**WHAT THE TASK ASKS:** Using the material below, print a verbatim copy of every line from the one containing "Amazon Prime Video." through the one containing "Einmal pro Spielzug, falls", inclusive, and omit the pictures.

**STORED DATA:**
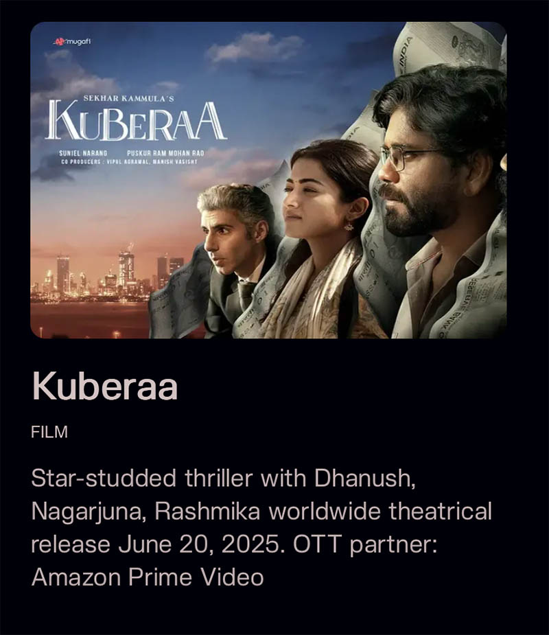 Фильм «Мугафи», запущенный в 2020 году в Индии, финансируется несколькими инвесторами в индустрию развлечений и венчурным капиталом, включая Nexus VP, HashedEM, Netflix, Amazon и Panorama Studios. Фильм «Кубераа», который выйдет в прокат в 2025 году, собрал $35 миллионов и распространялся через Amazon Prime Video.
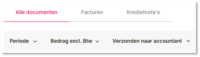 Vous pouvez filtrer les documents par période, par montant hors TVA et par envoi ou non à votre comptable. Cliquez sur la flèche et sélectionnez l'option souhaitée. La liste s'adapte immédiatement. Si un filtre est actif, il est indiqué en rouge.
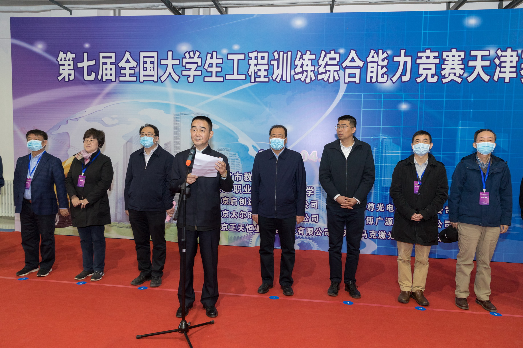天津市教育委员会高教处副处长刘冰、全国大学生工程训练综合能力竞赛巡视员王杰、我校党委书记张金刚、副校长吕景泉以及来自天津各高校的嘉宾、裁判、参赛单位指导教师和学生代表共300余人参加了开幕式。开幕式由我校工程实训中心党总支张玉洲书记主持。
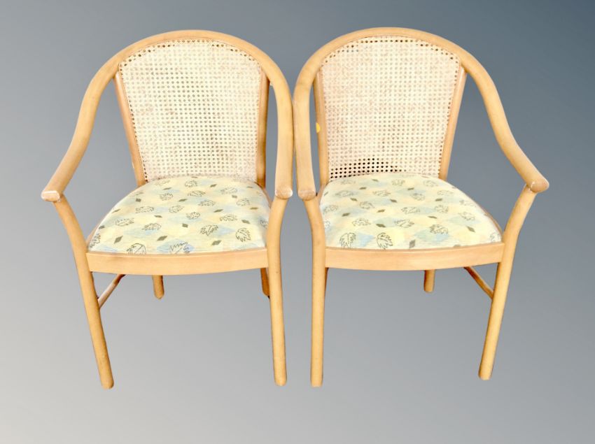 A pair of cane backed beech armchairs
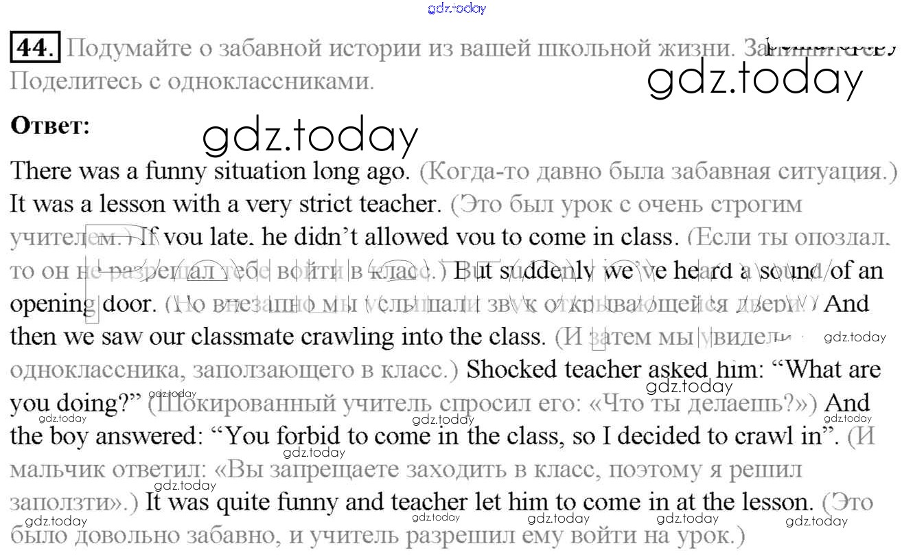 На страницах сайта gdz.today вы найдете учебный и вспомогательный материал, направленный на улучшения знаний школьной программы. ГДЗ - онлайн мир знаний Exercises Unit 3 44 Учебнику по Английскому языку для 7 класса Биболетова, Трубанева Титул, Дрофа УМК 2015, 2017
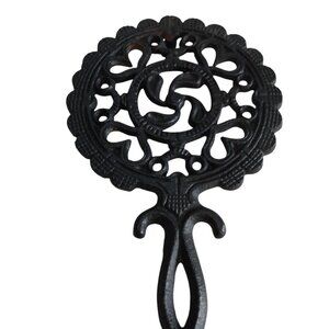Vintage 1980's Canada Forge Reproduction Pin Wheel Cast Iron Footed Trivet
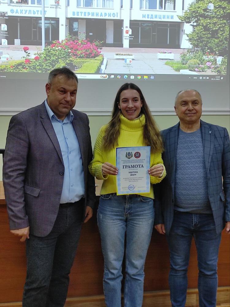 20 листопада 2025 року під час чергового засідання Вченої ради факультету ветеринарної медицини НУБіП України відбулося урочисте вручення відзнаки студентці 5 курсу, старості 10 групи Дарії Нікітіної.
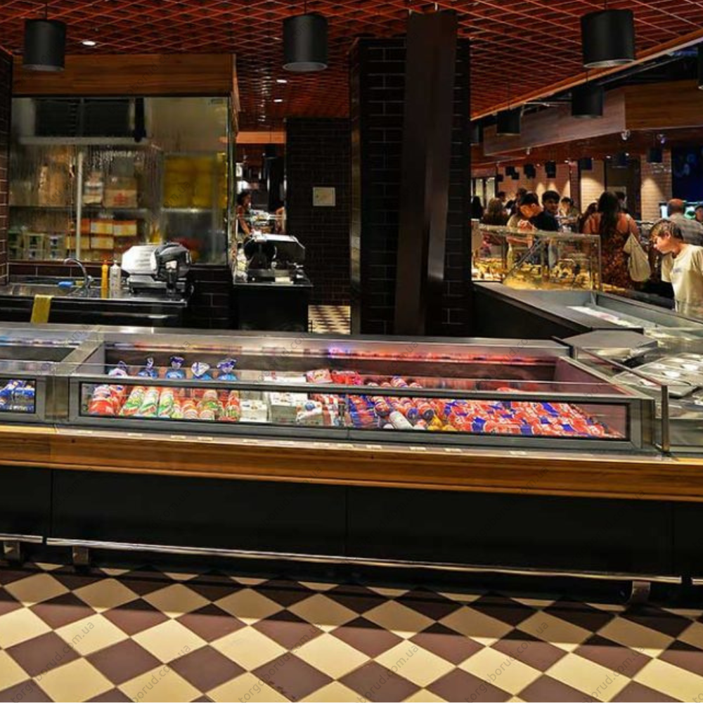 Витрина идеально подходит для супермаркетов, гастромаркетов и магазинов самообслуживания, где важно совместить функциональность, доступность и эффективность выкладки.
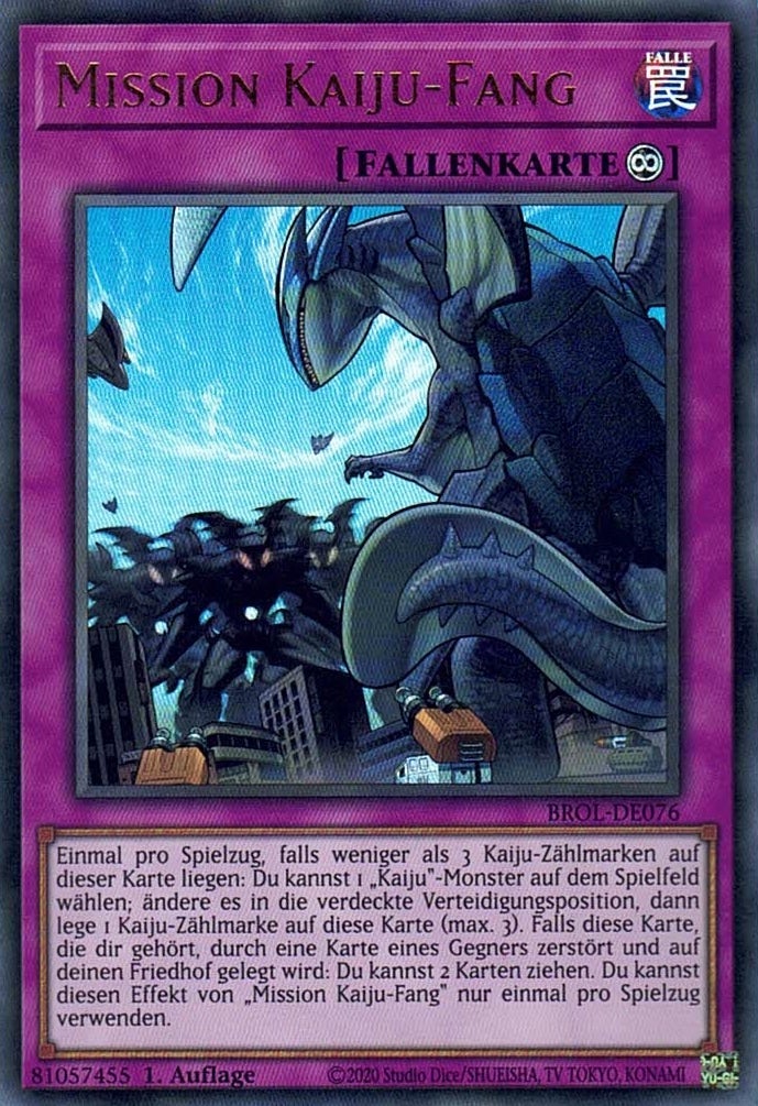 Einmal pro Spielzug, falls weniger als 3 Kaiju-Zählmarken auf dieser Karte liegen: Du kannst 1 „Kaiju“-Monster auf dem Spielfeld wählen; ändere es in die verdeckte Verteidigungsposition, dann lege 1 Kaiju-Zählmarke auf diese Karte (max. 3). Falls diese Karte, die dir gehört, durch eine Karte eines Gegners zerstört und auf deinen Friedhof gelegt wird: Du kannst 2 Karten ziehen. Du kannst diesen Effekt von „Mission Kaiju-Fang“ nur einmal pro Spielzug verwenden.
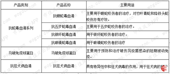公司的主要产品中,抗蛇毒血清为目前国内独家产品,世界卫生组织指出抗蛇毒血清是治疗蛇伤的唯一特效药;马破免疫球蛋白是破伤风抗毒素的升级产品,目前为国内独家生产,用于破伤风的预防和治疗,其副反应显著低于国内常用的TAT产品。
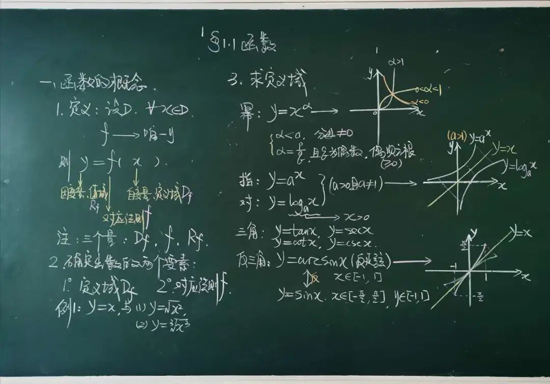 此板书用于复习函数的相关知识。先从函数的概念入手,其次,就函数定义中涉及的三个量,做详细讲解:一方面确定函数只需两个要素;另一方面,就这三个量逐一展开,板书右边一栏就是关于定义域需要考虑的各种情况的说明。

* * *

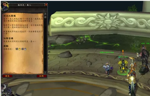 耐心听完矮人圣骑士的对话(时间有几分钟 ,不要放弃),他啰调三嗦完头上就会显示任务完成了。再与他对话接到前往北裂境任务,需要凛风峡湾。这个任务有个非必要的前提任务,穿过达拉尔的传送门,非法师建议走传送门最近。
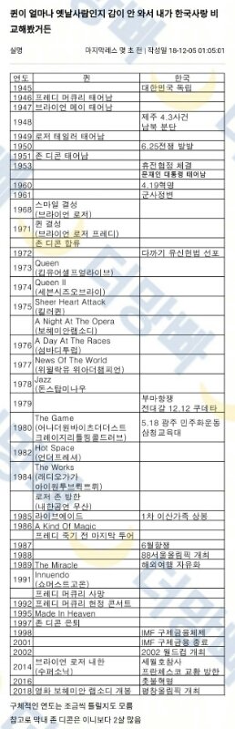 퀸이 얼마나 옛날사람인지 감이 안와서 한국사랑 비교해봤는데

**RESULT:**
 Фильм «Мугафи», запущенный в 2020 году в Индии, финансируется несколькими инвесторами в индустрию развлечений и венчурным капиталом, включая Nexus VP, HashedEM, Netflix, Amazon и Panorama Studios. Фильм «Кубераа», который выйдет в прокат в 2025 году, собрал $35 миллионов и распространялся через Amazon Prime Video.
 Vous pouvez filtrer les documents par période, par montant hors TVA et par envoi ou non à votre comptable. Cliquez sur la flèche et sélectionnez l'option souhaitée. La liste s'adapte immédiatement. Si un filtre est actif, il est indiqué en rouge.
天津市教育委员会高教处副处长刘冰、全国大学生工程训练综合能力竞赛巡视员王杰、我校党委书记张金刚、副校长吕景泉以及来自天津各高校的嘉宾、裁判、参赛单位指导教师和学生代表共300余人参加了开幕式。开幕式由我校工程实训中心党总支张玉洲书记主持。
 A pair of cane backed beech armchairs
 На страницах сайта gdz.today вы найдете учебный и вспомогательный материал, направленный на улучшения знаний школьной программы. ГДЗ - онлайн мир знаний Exercises Unit 3 44 Учебнику по Английскому языку для 7 класса Биболетова, Трубанева Титул, Дрофа УМК 2015, 2017
Vintage 1980's Canada Forge Reproduction Pin Wheel Cast Iron Footed Trivet
 20 листопада 2025 року під час чергового засідання Вченої ради факультету ветеринарної медицини НУБіП України відбулося урочисте вручення відзнаки студентці 5 курсу, старості 10 групи Дарії Нікітіної.
 Витрина идеально подходит для супермаркетов, гастромаркетов и магазинов самообслуживания, где важно совместить функциональность, доступность и эффективность выкладки.
 Einmal pro Spielzug, falls weniger als 3 Kaiju-Zählmarken auf dieser Karte liegen: Du kannst 1 „Kaiju“-Monster auf dem Spielfeld wählen; ändere es in die verdeckte Verteidigungsposition, dann lege 1 Kaiju-Zählmarke auf diese Karte (max. 3). Falls diese Karte, die dir gehört, durch eine Karte eines Gegners zerstört und auf deinen Friedhof gelegt wird: Du kannst 2 Karten ziehen. Du kannst diesen Effekt von „Mission Kaiju-Fang“ nur einmal pro Spielzug verwenden.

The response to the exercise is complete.